▶ **Source data**:

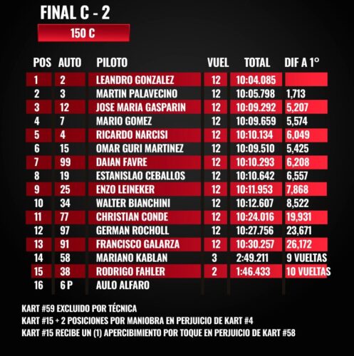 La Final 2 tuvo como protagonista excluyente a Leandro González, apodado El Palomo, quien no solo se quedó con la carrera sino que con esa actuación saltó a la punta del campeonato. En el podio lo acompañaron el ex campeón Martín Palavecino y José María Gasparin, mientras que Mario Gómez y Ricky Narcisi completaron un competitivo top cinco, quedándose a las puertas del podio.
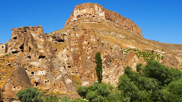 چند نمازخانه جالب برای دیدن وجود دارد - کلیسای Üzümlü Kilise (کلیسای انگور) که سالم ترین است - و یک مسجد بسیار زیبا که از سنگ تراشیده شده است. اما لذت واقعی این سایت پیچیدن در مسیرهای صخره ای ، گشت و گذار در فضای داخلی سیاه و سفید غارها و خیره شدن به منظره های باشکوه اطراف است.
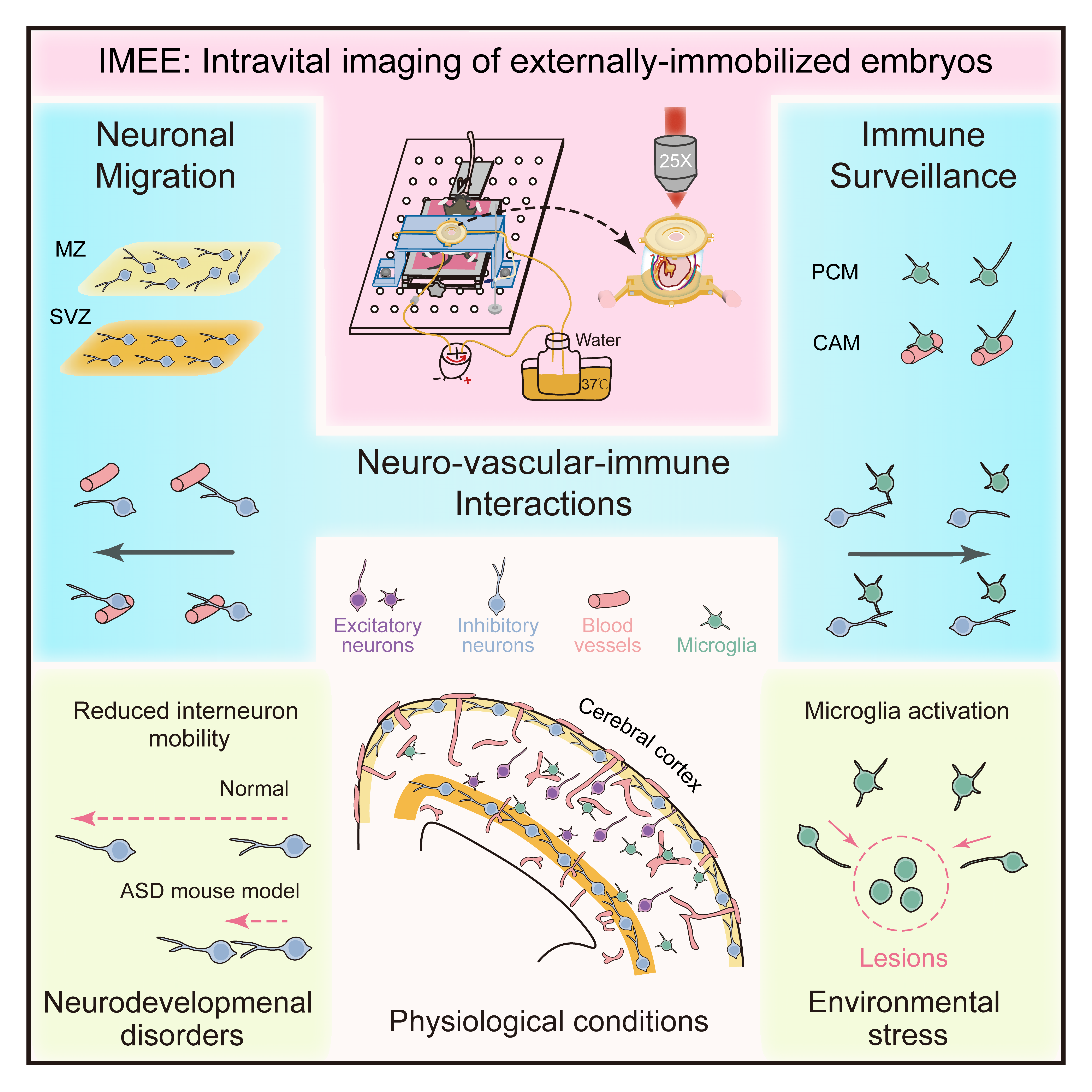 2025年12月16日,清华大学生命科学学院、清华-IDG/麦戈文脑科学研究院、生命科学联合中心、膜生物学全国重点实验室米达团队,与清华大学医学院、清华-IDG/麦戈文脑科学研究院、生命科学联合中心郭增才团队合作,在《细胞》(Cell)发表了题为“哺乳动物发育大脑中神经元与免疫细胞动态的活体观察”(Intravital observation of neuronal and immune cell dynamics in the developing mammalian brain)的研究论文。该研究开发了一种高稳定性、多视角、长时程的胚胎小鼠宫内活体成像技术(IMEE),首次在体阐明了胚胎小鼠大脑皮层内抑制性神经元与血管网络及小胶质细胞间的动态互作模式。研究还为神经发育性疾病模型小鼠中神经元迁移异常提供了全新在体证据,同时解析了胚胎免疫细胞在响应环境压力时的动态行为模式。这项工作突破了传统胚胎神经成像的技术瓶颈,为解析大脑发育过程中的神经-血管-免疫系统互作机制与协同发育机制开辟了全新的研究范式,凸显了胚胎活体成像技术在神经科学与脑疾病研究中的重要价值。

▶ **Task description**: With the images removed, write out all of the material above exactly.

▶ **Solution to the problem**:
 La Final 2 tuvo como protagonista excluyente a Leandro González, apodado El Palomo, quien no solo se quedó con la carrera sino que con esa actuación saltó a la punta del campeonato. En el podio lo acompañaron el ex campeón Martín Palavecino y José María Gasparin, mientras que Mario Gómez y Ricky Narcisi completaron un competitivo top cinco, quedándose a las puertas del podio.
 چند نمازخانه جالب برای دیدن وجود دارد - کلیسای Üzümlü Kilise (کلیسای انگور) که سالم ترین است - و یک مسجد بسیار زیبا که از سنگ تراشیده شده است. اما لذت واقعی این سایت پیچیدن در مسیرهای صخره ای ، گشت و گذار در فضای داخلی سیاه و سفید غارها و خیره شدن به منظره های باشکوه اطراف است.
 2025年12月16日,清华大学生命科学学院、清华-IDG/麦戈文脑科学研究院、生命科学联合中心、膜生物学全国重点实验室米达团队,与清华大学医学院、清华-IDG/麦戈文脑科学研究院、生命科学联合中心郭增才团队合作,在《细胞》(Cell)发表了题为“哺乳动物发育大脑中神经元与免疫细胞动态的活体观察”(Intravital observation of neuronal and immune cell dynamics in the developing mammalian brain)的研究论文。该研究开发了一种高稳定性、多视角、长时程的胚胎小鼠宫内活体成像技术(IMEE),首次在体阐明了胚胎小鼠大脑皮层内抑制性神经元与血管网络及小胶质细胞间的动态互作模式。研究还为神经发育性疾病模型小鼠中神经元迁移异常提供了全新在体证据,同时解析了胚胎免疫细胞在响应环境压力时的动态行为模式。这项工作突破了传统胚胎神经成像的技术瓶颈,为解析大脑发育过程中的神经-血管-免疫系统互作机制与协同发育机制开辟了全新的研究范式,凸显了胚胎活体成像技术在神经科学与脑疾病研究中的重要价值。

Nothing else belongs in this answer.